Goncharov, who is CEO of the chain, adapted his mother’s recipes for Teremok’s menu, featuring blinys, soups, and kasha. Today, there are more than 300 Teremok locations in Russia.
In the last year, two Teremok locations have opened in New York City as the chain plants a flag on American soil.
We stopped by the nearest Teremok to see if the Russian chain could compete with the hegemony of American classics like the Big Mac and the Crunchwrap Supreme.
This Teremok is one of two locations in New York and is located at 6th Avenue and 16th Street.
Inside, the atmosphere is familiar; the typical, minimal fast-casual vibes of white tile, blond wood, and a pop of color.
Teremok is all about promoting its heritage. For those who aren’t familiar with Russian cuisine and terminology, there are numerous posters on the walls explaining what you’re ordering.
The prices are quite reasonable — nothing is over $10, and most entrées hover around $7.
Like most fast-casual restaurants, there’s an open kitchen that’s bright and clean.
The chain’s specialty is bliny, which are crepe-like Slavic pancakes that are typically wrapped around savory fillings.
The bliny are made to order, and you can watch the employees pour the batter onto the griddle. The smell of the bliny and fillings like bacon and potato fill the restaurant.
Teremok makes an effort to provide authentic Russian beverages, such as tarkhun and duches, which are tarragon and pear drinks, respectively.
Then there’s kvass, a carbonated, malt-based beverage that’s bready and sweet. It has no direct parallel in mainstream American beverages — the closest match would be kombucha, with a Guinness-like aftertaste. It may sound strange, but it’s oddly addictive.
Our food was ready within 10 minutes — and we ordered quite a lot.

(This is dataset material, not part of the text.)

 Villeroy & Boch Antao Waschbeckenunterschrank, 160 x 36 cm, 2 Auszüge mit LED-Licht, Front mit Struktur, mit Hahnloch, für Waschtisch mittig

To dip our toes into the sea of bliny, we started with “The Original:” a simple meal of ham and Swiss cheese. For only $5.45 for a small, you get a hearty and compact Russian take on the croque monsieur. It’s simple, kid-friendly, and delicious.

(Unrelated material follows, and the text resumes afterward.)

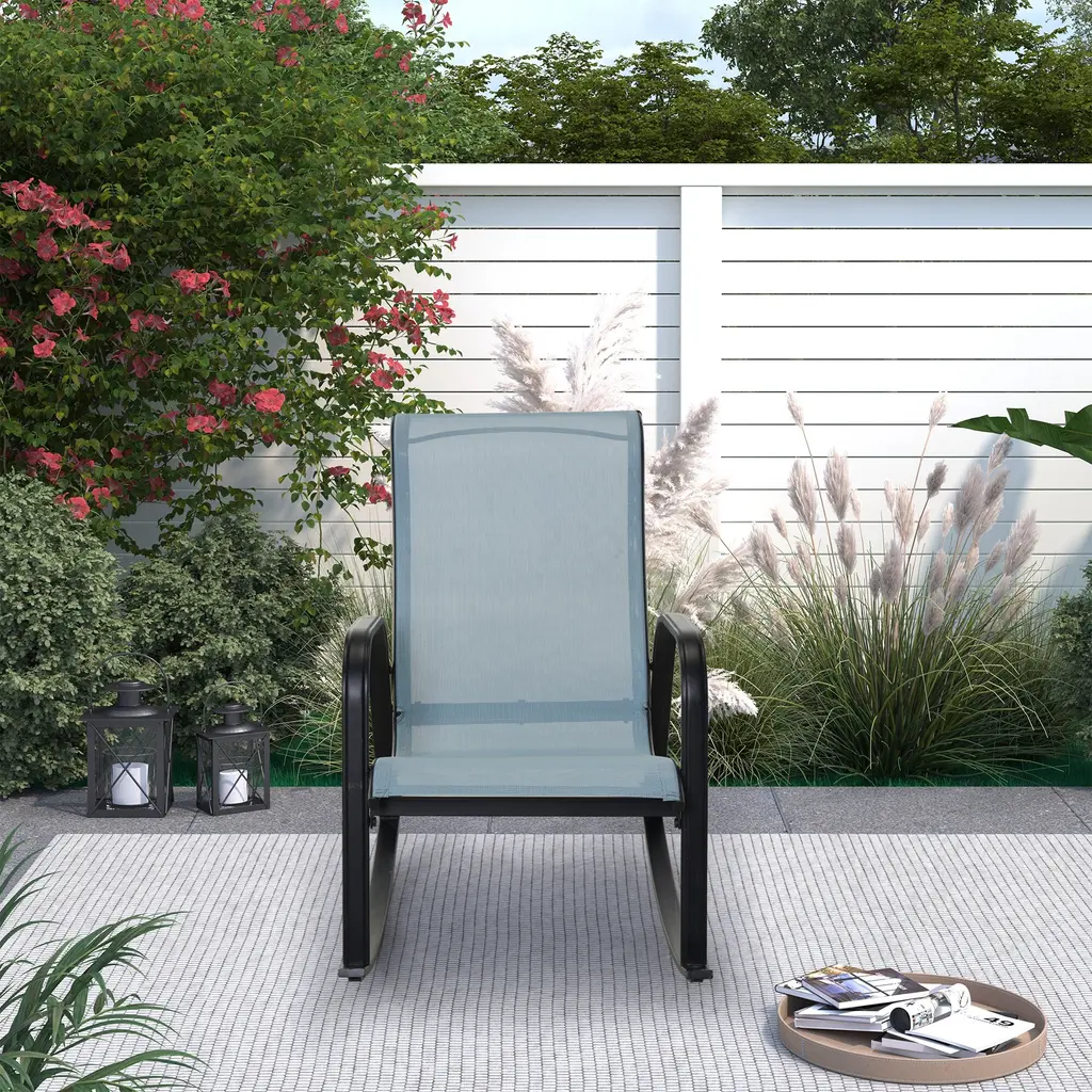 Indulge in relaxation with our steel patio rocking chair, featuring a sturdy, detachable structure and a weather-resistant finish. The breathable Teslin fabric seat and backrest ensure comfort, while the ergonomic design and smooth rocking motion make it perfect for your outdoor leisure time.

For the more adventurous bliny lover, there’s the “Butcher’s Block.” It’s stuffed with mashed potatoes, fried onions, bacon, and pickles. This isn’t necessarily a traditional bliny, but it’s a full feast packed within the delicate pancake.
For those looking for a more traditionally constructed bliny, there’s the “Goldie Lox,” heaped with oily salmon lox, Swiss cheese, and a rich sour cream that tastes remarkably close to cream cheese. It’s incredibly filling and makes a perfect meal on its own. The lox is remarkably good, exceeding expectations of quality for a fast-food chain.
An even more decadent bliny is the “Red Stars” bliny, packed to the gills with salmon caviar. As one would expect, it’s salty, briny, and texturally very satisfying — the little caviar eggs burst in your mouth with every bite. It’s the most expensive item on the menu at $9.45, but it’s worth the extra cost.
Kasha is one of Russia’s most popular national dishes, so its inclusion on the menu is no surprise. There are several mix-ins to choose from, including hot dog slices, pork, salmon, chicken, and mushrooms. While Russian expats who visit may enjoy the taste of home, it was texturally displeasing and lacking in the appealing flavors of the bliny.
Teremok’s side salad selection is eclectic — there’s a Caesar salad, a Russian salad, a “vinegret” mix, and “Herring in Furs,” pictured below. It’s not a salad in the Sweetgreen sense, but rather an egg salad with herring and beets mixed in. If you’re an egg salad fan, go for it; if you’re not, don’t.
Borsch is one of the most well-known of all Slavic soups, with its rich magenta beetroot-based broth. Teremok tweaked the traditional recipe for Western tastes, opting for a thinner, less stewy broth, and throwing bacon and tomatoes into the mix.
A good chowder is hard to find, but at Teremok, we found it. The salmon chowder isn’t the thick, viscous chowder of New England tradition, but instead a more delicate and light soup with a creamy, buttery soft-cheese-based broth dotted with carrots and smoked salmon hunks.
One item no one should pass over is the Pelmeni dumplings. These little doughy nuggets filled with meat are rich, oily, and heavy — the bright tang of sour cream is needed to prevent a meaty monotony.
For dessert, we ordered the syrniki, which are analogous with cheesecake bites. However, these are made with pressed cottage cheese and fried like little fritters, resulting in a crumbly, almost cake-like texture. The strawberry compote elevates the dessert to the next level.
All of these dishes could have been felled by subpar ingredients and lackluster preparation, but surprisingly — especially considering the price point — the ingredients in the salmon caviar, strawberry compote, and many others met a higher standard than was expected.
We walked in expecting fast food — craveable, but ultimately forgettable. We left eager for our next return.